# Lab 3: Speech Recognition with Mel-Frequency Cepstral Coefficient and Convolutional Neural Network

In this exercise you will learn an efficient method for processing audio recordings using Mel-frequency cepstral coefficient (MFCC) and a convolutional neural network (CNN).

## MFCC feature extraction and network training

![audio_workflow](audio_workflow.png)

The idea is to segment one slice of a continuous input signal into (overlapping)
segments, do some preprocessing, and stack the resulting processed segments over one-another to
obtain a two-dimensional frame. On these frames the same principles are used as for ”real”
images when it comes to machine learning.

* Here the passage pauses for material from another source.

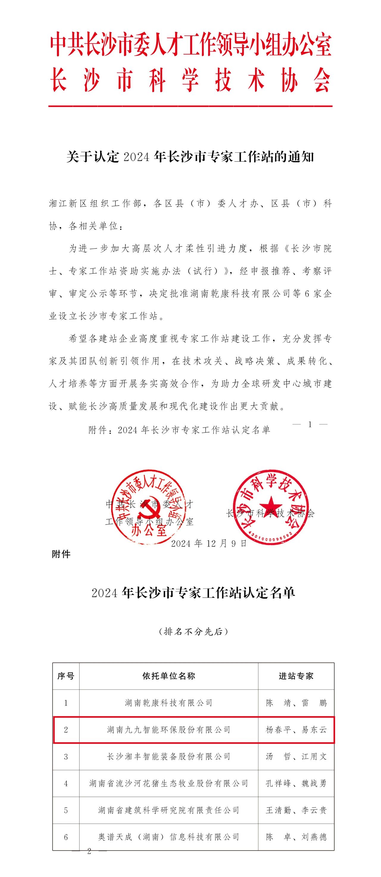 2024年長(zhǎng)沙市專家工作站名單公布!九九智能環(huán)保入選!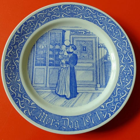 Platte, Rörstrand, 1971, Mors dags platte, 1971 fra Rörstrand Sweden. 21 cm i dia.

# Download the "Hey Snips" dataset
For this exercise we are going to use the ”Hey Snips” dataset from Couke et al. 2018 ”Efficient
keyword spotting using dilated convolutions and gating”. The train dataset consists of utterances
from 30 speakers, the test dataset consists of utterances from 10 speakers. The length of each
utterance ranges between about 3 and 9 seconds, the data is labeled 1 if the sentence ”Hey Snips!”
was uttered and 0 if not.

Please visit the [Dataset Repository](https://github.com/sonos/keyword-spotting-research-datasets) and fill out the form to proceed with the dataset download. It is roughly 8.4GB.

In [None]:
import json, random
import numpy as np
from scipy.io import wavfile
import tensorflow as tf
from tqdm import tqdm
import os
import zipfile, tempfile
import simpleaudio as sa

DataSetPath = "hey_snips_research_6k_en_train_eval_clean_ter/"

with open(DataSetPath+"train.json") as jsonfile:
    traindata = json.load(jsonfile)

with open(DataSetPath+"test.json") as jsonfile:
    testdata = json.load(jsonfile)

# Load data 
Here we load the data from the "hey_snips" dataset and extract the MFCC features from it. 

This is an example of how a data sample looks like.
Information from the [Dataset Repository](https://github.com/sonos/keyword-spotting-research-datasets).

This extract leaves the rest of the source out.